EGU24-10191, updated on 08 Mar 2024
https://doi.org/10.5194/egusphere-egu24-10191
EGU General Assembly 2024
© Author(s) 2024. This work is distributed under
the Creative Commons Attribution 4.0 License.

A detailed earthquake catalog using Machine Learning-based methods for Tuscany, Italy

Juan Porras1, Konstantinos Michailos1, Genevieve Savard1, Domenico Montanari2, Gilberto Saccorotti3, Marco Bonini2, Davide Piccinini3, Nicola Piana-Agostinetti5, Chiara Del Ventisette4, and Matteo Lupi1
Juan Porras et al.
  • 1University of Geneva, Department of Earth Sciences, Renens, Switzerland (juan.porrasloria@unige.ch)
  • 2Institute of Geosciences and Earth Resources- CNR, Florence, Italy
  • 3Istituto Nazionale di Geofisica e Vulcanologia, Italy
  • 4Department of Earth Sciences, University of Florence, Italy
  • 5Department of Earth and Environmental Sciences, Universita' di Milano Bicocca, Italy

Seismic activity in Tuscany, Italy, is driven by the interplay between complex tectonics and local geological processes. Fluid-driven seismic sequences may occur in high-enthalpy geothermal regions, such as the Larderello-Travale Geothermal Field (LTGF), the oldest and among the most productive geothermal systems of the world. To better understand the regional tectonic setting, we build a detailed seismic catalog of earthquake hypocenters and magnitudes from a composite seismic network consisting of 30 temporary stations deployed in Tuscany in the framework of a temporary experiment (TEMPEST), during a period of one year (from September 2020 to September 2021) and 30 permanent seismic stations from the Istituto Nazionale di Geofisica e Vulcanologia (INGV).

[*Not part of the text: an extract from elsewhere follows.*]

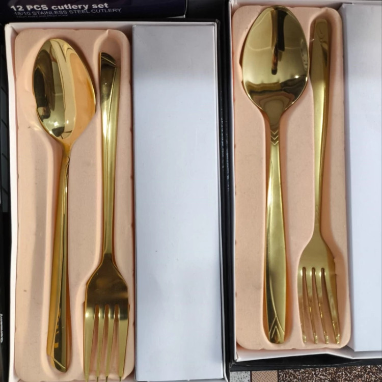 قاشق چنگال طلایی یونیک جعبه ای 6 عدد قاشق 6 عدد چنگال ضد زنگ آهنربا نگیر یک جنس فوق العاده باکیفیت و تضمینی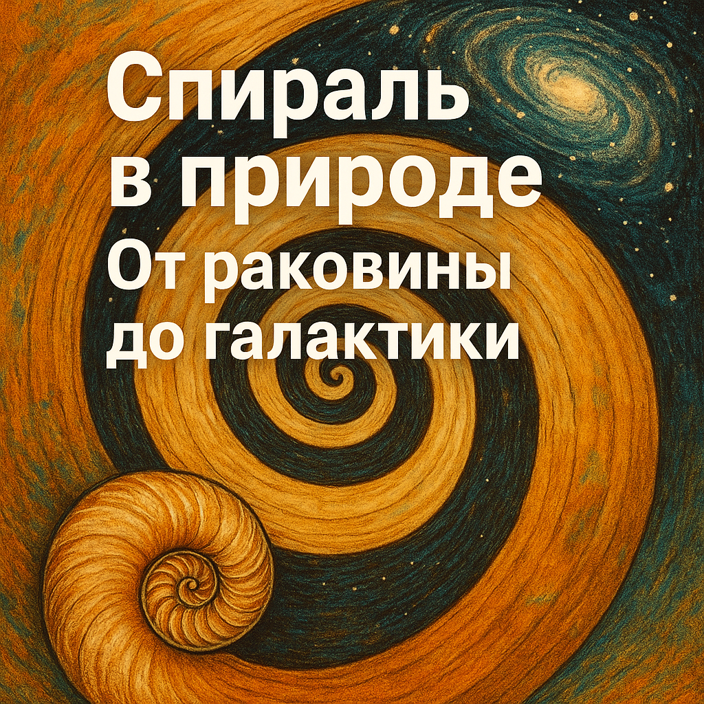 Если долго смотреть на берег, где вода касается песка, можно заметить странную вещь. Вся линия волн кажется хаосом, но каждый раз она складывается в похожий рисунок. Чуть смещается, чуть меняется, но повтор узнаётся. Природа почему-то любит формы, которые одновременно стабильны и свободны, похожи и уникальны. Одна из таких форм, самая упрямая и древняя, это спираль. Начнём с малого. Раковины моллюсков растут именно по спиральному принципу. У них нет архитектора, который сидит внутри и чертит план. Просто клеткам так выгоднее делиться. Угол расширения остаётся примерно одним и тем же, а тело накручивает новые слои вокруг старых. Так рождается форма, которая выдерживает давление волн, удары камней и капризы среды. Переходим выше. В биологии спирали встречаются в ДНК. Двойная спираль не просто красивая картинка из школьного плаката. Это способ упаковать гигантский объём информации так, чтобы он занимал минимум места и мог быстро раскручиваться для чтения. Каждая витая пара — это память

We applied an automated processing routine including a machine learning (ML) phase picker, PhaseNet, and the Gaussian Mixture Model Association (GAMMA) algorithm, a sequential earthquake association and location workflow. We initially obtain nearly 1 million P-phases and 2 million S-phases, yielding in around 5 thousand detected events. We then located the events with NonLinLoc and applied a quality factor metrics to filter out potential false detections (22%) and recognize the high quality solutions which represents 30% of the initial 5 thousand locations with moment magnitudes (Mw) ranging between 0.5 to 2.9, and depths generally shallower than 15 km. Further steps involve the location analysis of the remaining events from the initial catalog. Moreover, we will apply relative earthquake location methods to better constrain already evident seismicity clusters. We also plan to calculate focal mechanisms from first-motion polarities and Moment Tensor (MT) inversion to investigate the earthquake sources in the highlighted tectonic features.

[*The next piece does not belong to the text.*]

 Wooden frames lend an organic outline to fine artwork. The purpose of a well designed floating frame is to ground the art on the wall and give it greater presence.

This work represents the starting point of the project “Multidisciplinary and InteGRated Approach for geoThermal Exploration” (MIGRATE). The goal of MIGRATE is to streamline passive seismic exploration methods for the investigation of geothermal resources, while addressing relevant scientific questions. This will result in the development of an automatized end-to-end tool to prospect the upper crust and identify potential geothermal targets.

How to cite: Porras, J., Michailos, K., Savard, G., Montanari, D., Saccorotti, G., Bonini, M., Piccinini, D., Piana-Agostinetti, N., Del Ventisette, C., and Lupi, M.: A detailed earthquake catalog using Machine Learning-based methods for Tuscany, Italy, EGU General Assembly 2024, Vienna, Austria, 14–19 Apr 2024, EGU24-10191, https://doi.org/10.5194/egusphere-egu24-10191, 2024.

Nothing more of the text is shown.